Testing locally, everything works as expected:
hduser@ubuntu :~/VectMult$ cat in/* | python ./mapper.py 70 132 60 hduser@ubuntu :~/VectMult$ cat in/* | python ./mapper.py | sort 70 132 60 hduser@ubuntu :~/VectMult$ cat in/* | python ./mapper.py | sort | python ./reducer.py 262
When I run it in Hadoop, it seems to do it successfully and does not raise any exceptions:
hduser@ubuntu :/usr/local/hadoop$ bin/hadoop jar contrib/streaming/hadoop-*streaming*.jar -mapper python /home/hduser/VectMult3/mapper.py -reducer python /home/hduser/VectMult3/reducer.py -input /home/hduser/VectMult3/in -output /home/hduser/VectMult3/out4 Warning: $HADOOP_HOME is deprecated. packageJobJar: [/app/hadoop/tmp/hadoop-unjar2168776605822419867/] [] /tmp/streamjob6920304075078514767.jar tmpDir=null 12/11/18 21:20:09 INFO util.NativeCodeLoader: Loaded the native-hadoop library 12/11/18 21:20:09 WARN snappy.LoadSnappy: Snappy native library not loaded 12/11/18 21:20:09 INFO mapred.FileInputFormat: Total input paths to process : 2 12/11/18 21:20:09 INFO streaming.StreamJob: getLocalDirs(): [/app/hadoop/tmp/mapred/local] 12/11/18 21:20:09 INFO streaming.StreamJob: Running job: job_201211181903_0009 12/11/18 21:20:09 INFO streaming.StreamJob: To kill this job, run: 12/11/18 21:20:09 INFO streaming.StreamJob: /usr/local/hadoop/libexec/../bin/hadoop job -Dmapred.job.tracker=localhost:54311 -kill job_201211181903_0009 12/11/18 21:20:09 INFO streaming.StreamJob: Tracking URL: http://localhost:50030/jobdetails.jsp?jobid=job_201211181903_0009 12/11/18 21:20:10 INFO streaming.StreamJob: map 0% reduce 0% 12/11/18 21:20:24 INFO streaming.StreamJob: map 67% reduce 0% 12/11/18 21:20:33 INFO streaming.StreamJob: map 100% reduce 0% 12/11/18 21:20:36 INFO streaming.StreamJob: map 100% reduce 22% 12/11/18 21:20:45 INFO streaming.StreamJob: map 100% reduce 100% 12/11/18 21:20:51 INFO streaming.StreamJob: Job complete: job_201211181903_0009 12/11/18 21:20:51 INFO streaming.StreamJob: Output: /home/hduser/VectMult3/out4 hduser@ubuntu :/usr/local/hadoop$ bin/hadoop dfs -cat /home/hduser/VectMult3/out4/part-00000 Warning: $HADOOP_HOME is deprecated. hduser@ubuntu :/usr/local/hadoop$ bin/hadoop dfs -ls /home/hduser/VectMult3/out4/ Warning: $HADOOP_HOME is deprecated. Found 3 items -rw-r--r-- 1 hduser supergroup 0 2012-11-18 22:05 /home/hduser/VectMult3/out4/_SUCCESS drwxr-xr-x - hduser supergroup 0 2012-11-18 22:05 /home/hduser/VectMult3/out4/_logs -rw-r--r-- 1 hduser supergroup 0 2012-11-18 22:05 /home/hduser/VectMult3/out4/part-00000
But when I check the output, all I find is a 0-byte empty file.
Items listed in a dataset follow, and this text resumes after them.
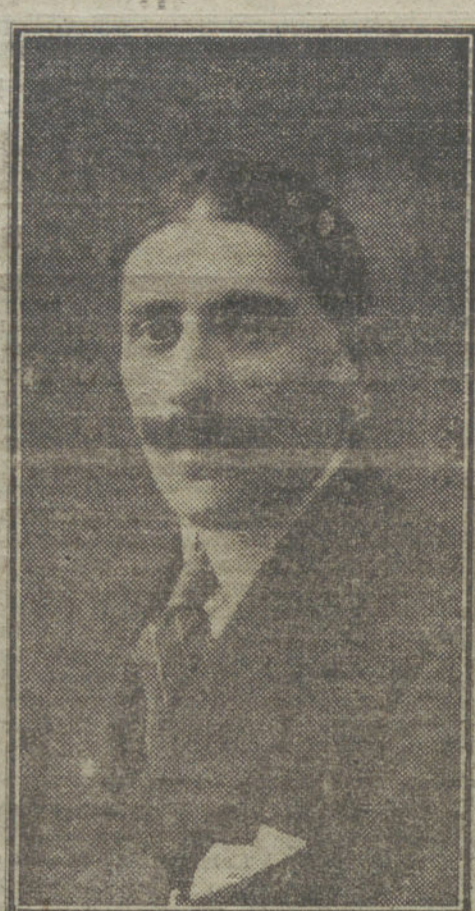
El notable escritor Alejandro Ber, que ha obtenido gran éxito con su libro reciente «El caso del periodista español».
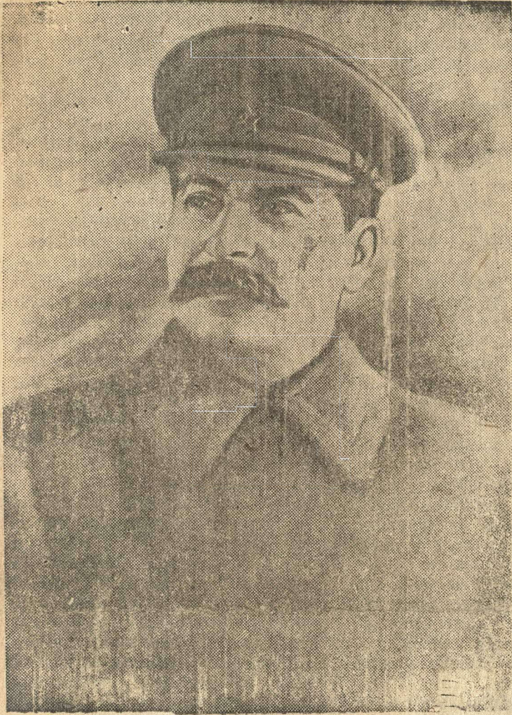
И. В. СТАЛИН.
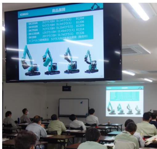
ICT関連企業による製品紹介
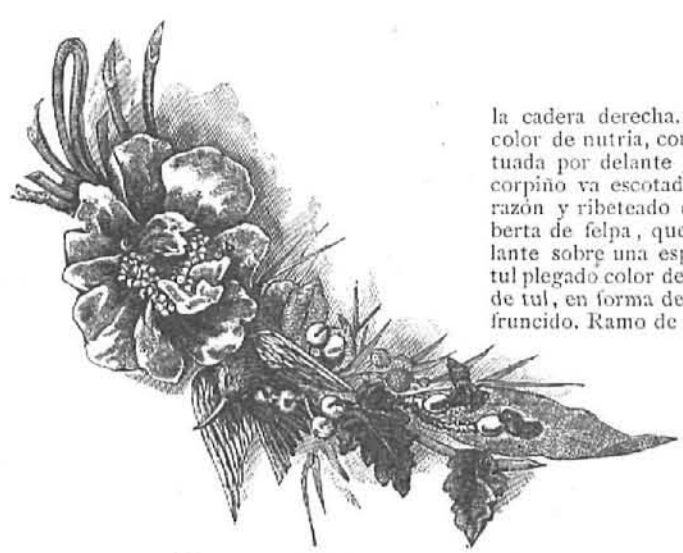
24.—Adorno de flores para vestidos de baile.
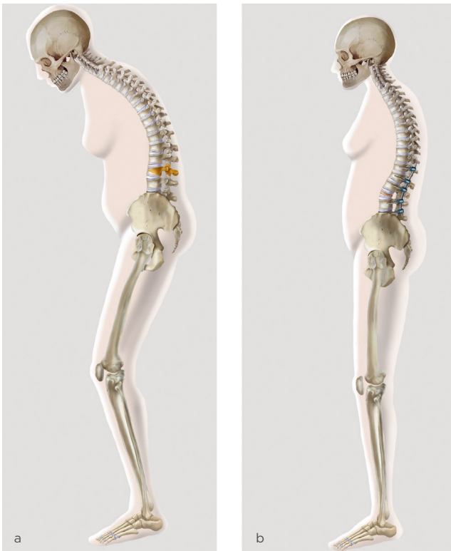
Abb. 1 Die Kyphose ist eine Verkrümmung der Wirbelsäule nach vorne. Um die Balance zu halten, müssen die Betroffenen die Beine beugen (a). Nach der operativen Korrektur können die Patienten wieder aufrecht stehen und auch längere Strecken gehen (b).

Mit der Verkrümmung der Wirbelsäule einher geht häufig eine Verengung des Spinalkanals, wodurch es zu einer Kompression der durch ihn verlaufenden Nerven kommt. Die Patienten beschreiben in solchen Fällen eine Schmerzausstrahlung in die Beine und eine Unsicherheit beim Gehen. Selbst kurze Strecken können sie nur mit grosser Mühe zurücklegen. Trotz Hilfsmitteln wie Gehstöcken oder einem Rollator droht ihnen der Verlust der Selbstständigkeit.
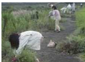
外来植物調査・駆除

水生生物の調査研究や、生態系を維持するために外来生物の駆除活動などを行い、河川の環境を維持します。
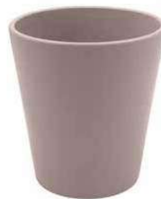
KE5-D100-TO conf. 9 pz pallet 1008 pz h mm. 130 - Ø 105 interno h mm. 95 - Ø 95

I canβt understand what went wrong. Can anyone help?
Edit: Reply to @DiJuMx
One way to fix this is to output to a temporary file from the card, and then use the shortened temporary file.
Not sure if Hadoop allows this? Hopefully someone who knows better can fix me about this.
Before trying to do this, try writing a simpler version that simply transfers data directly without processing.
I thought it was a good idea, just to verify that the data is passing correctly. For this, I used the following:
Both mapper.py and reducer.py files
import sys
for i in sys.stdin: print i,
What comes out should be exactly what came in. Still displaying an empty file.
Alternatively, edit the existing code in abbreviation to display an error message in the output file if the input was empty
mapper.py
import sys for i in sys.stdin: print "mapped", print "mapper",
reducer.py
import sys for i in sys.stdin: print "reduced", print "reducer",
If the input is accepted, it should ultimately output reduced . In any case, it should at least output reducer . The actual output is an empty file.